FIG. 3 is a rear view showing the periphery of a viewfinder of the television camera shown in FIG.

FIG. 4 is a signal waveform diagram for explaining the operation of the infrared lighting device of FIG.

5 is a block diagram showing an overall configuration of the television camera of FIG.

6 is a block diagram showing the television camera unit of FIG.

FIG. 7 is a flowchart showing the entire processing procedure of FIG.

FIG. 8 is a schematic diagram for explaining a nose search.

FIG. 9 is a schematic diagram showing a case where the scan direction is switched following the processing of FIG.

FIG. 10 is a characteristic curve diagram used for explaining nose and face contour detection.

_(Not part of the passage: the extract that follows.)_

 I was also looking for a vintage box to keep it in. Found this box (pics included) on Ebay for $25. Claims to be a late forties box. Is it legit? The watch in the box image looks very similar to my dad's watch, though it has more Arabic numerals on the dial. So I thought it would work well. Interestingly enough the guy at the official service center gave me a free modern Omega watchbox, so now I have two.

FIG. 11 is a characteristic curve diagram showing the relationship between the distance from the nose to the contour of the face and the direction of the face.

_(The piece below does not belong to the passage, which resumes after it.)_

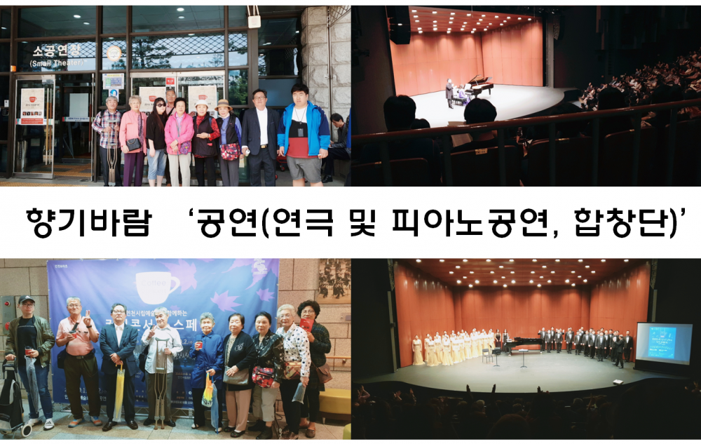 저희 향기바람에는 그동안 수많은 지역주민들과 함께 하였는데요. 참여자 대부분은 중년 남성, 독거노인 및 장애여성 등 다양한 계층이 참여하셨고 영화나 공연 및 공예체험, 아쿠아리움 관람, 합창단 공연 등 여러 가지 여가문화 활동을 진행하였습니다. 한 주민은 20년 넘게 영화를 본 적이 없다가 향기바람을 계기로 오랜만에 영화관 나들이를 다녀오셨다고 합니다. 또 한 어르신은 태어나 처음으로 합창단 공연을 보면서 옛 추억에 잠겨 눈물을 흘리시기도 하였습니다. 담당자로서 하나 느낀 점은 활동 전과 후의 주민들의 표정변화인데요. 더 많이 웃고 밝은 모습으로 문화체험활동 소감을 들을 때마다 담당자로서 더 큰 힘이 생깁니다. 외부에서만 진행되다보니 여러 가지 우여곡절도 많았지만 문화예술이라는 커다란 테두리 안에서 주민들과 폭넓은 소통의 장이 열릴 수 있었습니다. 문화 체험 기회를 제공하고 잊지 못할 추억을 선사해드린 향기바람은 앞으로도 더 많은 이야기로 찾아뵙겠습니다. ^^
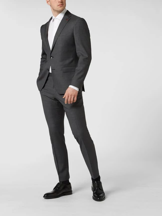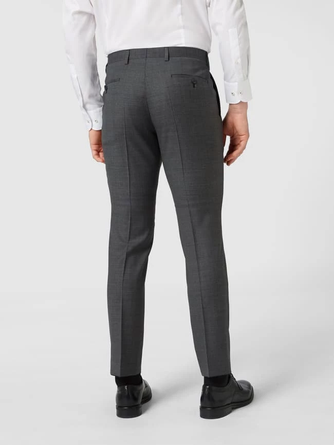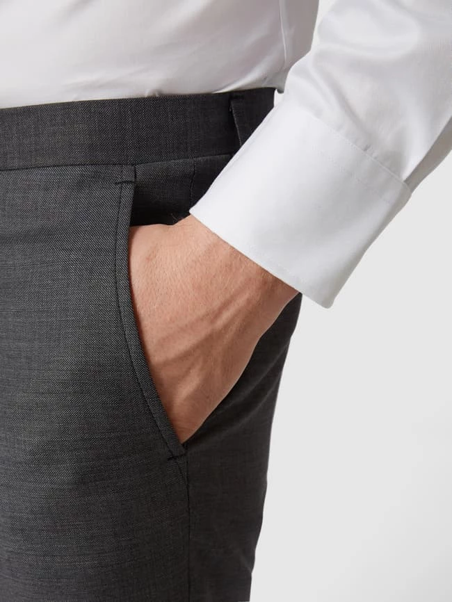 Die Anzughose von ROY ROBSON ist aus reiner Schurwolle mit Natural Stretch gefertigt und zulaufend geschnitten. Sie zeigt sich mit französischen Eingrifftaschen und geknöpften Leistentaschen am Gesäß. Die Modelle der ‚Techno Suit‘-Serie zeichnen sich durch ein wasserabweisendes Obermaterial aus, das ein angenehmenes Hautklima schafft und zugleich eine hohe Bewegungsfreiheit garantiert.

FIG. 12 is a flowchart for explaining the calibration process of FIG. 7.

[Explanation of symbols]

 1 television camera 2 tripod 3 operating rod 5 trigger switch 6 viewfinder 7 cameraman's camera 8 image processing unit 9 infrared illumination device 12 frame memory 13 central processing unit 14 television camera unit 15 memory

Claims (5)

[Claims] 1. An image pickup apparatus for picking up an image of a desired subject and outputting the image pickup result of the subject, and a display unit for displaying a menu screen in which adjustment items are sequentially arranged together with the image pickup result of the subject; A cameraman image pickup means for picking up an image of a cameraman's face observing the display screen, and based on an image pickup result of the cameraman image pickup means, detects the orientation of the cameraman's face, and displays the menu screen corresponding to the face direction. An image pickup apparatus, comprising: a menu detection unit that detects arranged adjustment items; and performing an adjustment operation on the adjustment items detected by the menu detection unit. 2. The menu detecting means detects the orientation of the cameraman's face by image-processing the imaged result of the cameraman output from the cameraman's imaging means. Imaging device. 3. The menu detecting means detects the orientation of the cameraman's face on the basis of an imaging result obtained by changing the focus of the cameraman's imaging means. Imaging device. 4. The cameraman image pickup means is formed by a plurality of image pickup devices which are arranged apart from each other and output an image pickup result obtained by stereoscopically viewing the face of the cameraman, and the menu detection means is a plurality of image pickup means. The image pickup apparatus according to claim 1, wherein a characteristic portion of a face is collated between image pickup results obtained from the apparatus to detect the direction of the face. 5. The image pickup device includes an illumination unit that emits infrared rays intermittently in synchronization with the operation of the image pickup unit for the cameraman to illuminate the cameraman with the infrared rays, and the menu detection unit includes: An image processing is performed on a comparison result between an image pickup result of the cameraman illuminated by infrared rays and an image pickup result of the cameraman not illuminated by the infrared rays, and the orientation of the face of the cameraman is detected. The imaging device according to 1.